#### The data
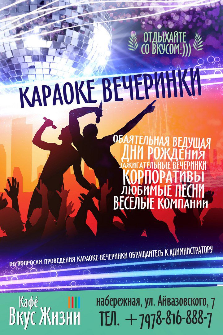Устройте себе и Вашим близким музыкальный досуг - КАРАОКЕ вечеринку!! Вспомните любимые песни и хиты, почувствуйте себя звездой, пойте дуэтами, компанией, либо устройте баттл по лучшему исполнению песен между собой, зажгите с друзьями на сцене!
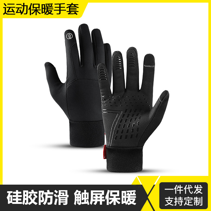 メーカー卸売秋と冬の屋外プラスベルベットスキータッチスクリーン暖かいスポーツ滑り止め自転車ライディンググローブカスタマイズ
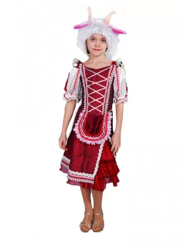 Веселий та впізнаваний казковий образ кізоньки, який ідеально підходить для дитячих вистав та святкових ранків. Яскрава червона сукня з декоративним фартушком, білим мереживом та корсетною шнурівкою виглядає святково й дуже сценічно. Образ доповнює кумедний головний убір із ріжками та вушками, що робить персонажа одразу впізнаваним. Такий варіант чудово підходить для оренди карнавальних костюмівна казкові постановки, новорічні ранки та дитячі святкові заходи.

#### Problem to solve
Give the listing again word for word, without its images.

#### Task output
Устройте себе и Вашим близким музыкальный досуг - КАРАОКЕ вечеринку!! Вспомните любимые песни и хиты, почувствуйте себя звездой, пойте дуэтами, компанией, либо устройте баттл по лучшему исполнению песен между собой, зажгите с друзьями на сцене!
 メーカー卸売秋と冬の屋外プラスベルベットスキータッチスクリーン暖かいスポーツ滑り止め自転車ライディンググローブカスタマイズ
 Веселий та впізнаваний казковий образ кізоньки, який ідеально підходить для дитячих вистав та святкових ранків. Яскрава червона сукня з декоративним фартушком, білим мереживом та корсетною шнурівкою виглядає святково й дуже сценічно. Образ доповнює кумедний головний убір із ріжками та вушками, що робить персонажа одразу впізнаваним. Такий варіант чудово підходить для оренди карнавальних костюмівна казкові постановки, новорічні ранки та дитячі святкові заходи.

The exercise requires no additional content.